### RECORDED INFORMATION

- - - -

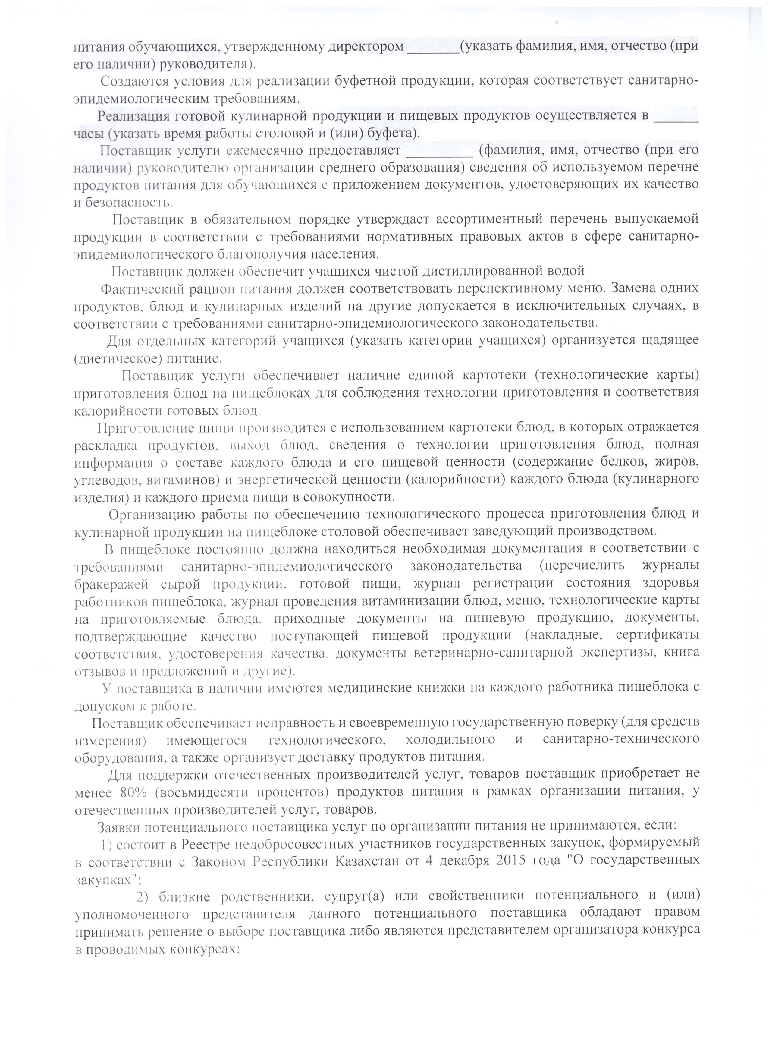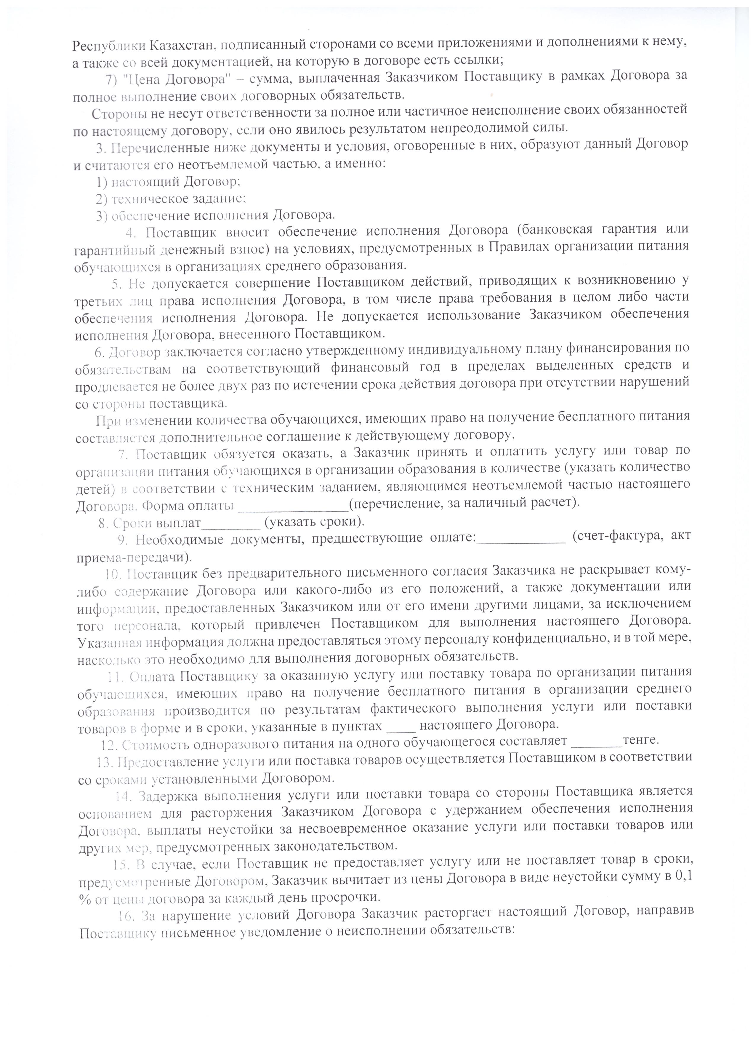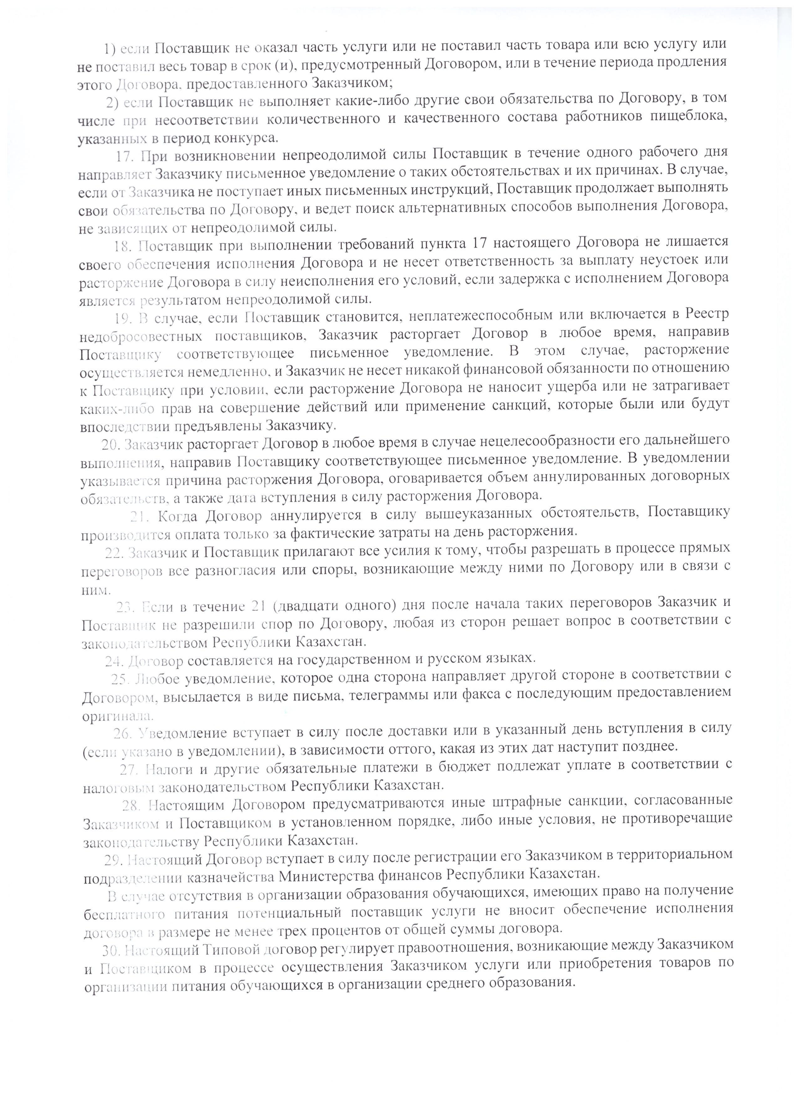 В случае нарушения или ненадлежащего исполнения условий договора поставщиком, договор расторгается в судебном порядке и данный поставщик объявляется недобросовестным (приказ МОН РК №599 от 31 октября 2018 года).
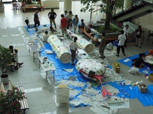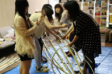 2013年8月に『OASISひろば』にて18mの竹のオブジェを制作、ガレリア竹町に展示しました。2014年1月には、オアシスタワー地下エントランスに移動展示を実施。6月17日~22日には、大分県立芸術会館にてアートスネークをつくるワークショップを行いました。9月5日の「大分市美術館まちなかアートフルロードプロジェクトイベント」への参加や、10月に開催される大分県民芸術祭へも参加する予定です。
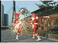 Close on the Twin Rangers amid crowd, as Red has his Blade Blaster out, causing the very Asian citizens to back up as he raises his weapon and fires several red lasers upward to our right, then to our left. |

- - - -

### DESCRIPTION OF THE TASK
Copy the lines above exactly. Do not include pictures.

### EXERCISE ANSWER
 В случае нарушения или ненадлежащего исполнения условий договора поставщиком, договор расторгается в судебном порядке и данный поставщик объявляется недобросовестным (приказ МОН РК №599 от 31 октября 2018 года).
 2013年8月に『OASISひろば』にて18mの竹のオブジェを制作、ガレリア竹町に展示しました。2014年1月には、オアシスタワー地下エントランスに移動展示を実施。6月17日~22日には、大分県立芸術会館にてアートスネークをつくるワークショップを行いました。9月5日の「大分市美術館まちなかアートフルロードプロジェクトイベント」への参加や、10月に開催される大分県民芸術祭へも参加する予定です。
 Close on the Twin Rangers amid crowd, as Red has his Blade Blaster out, causing the very Asian citizens to back up as he raises his weapon and fires several red lasers upward to our right, then to our left. |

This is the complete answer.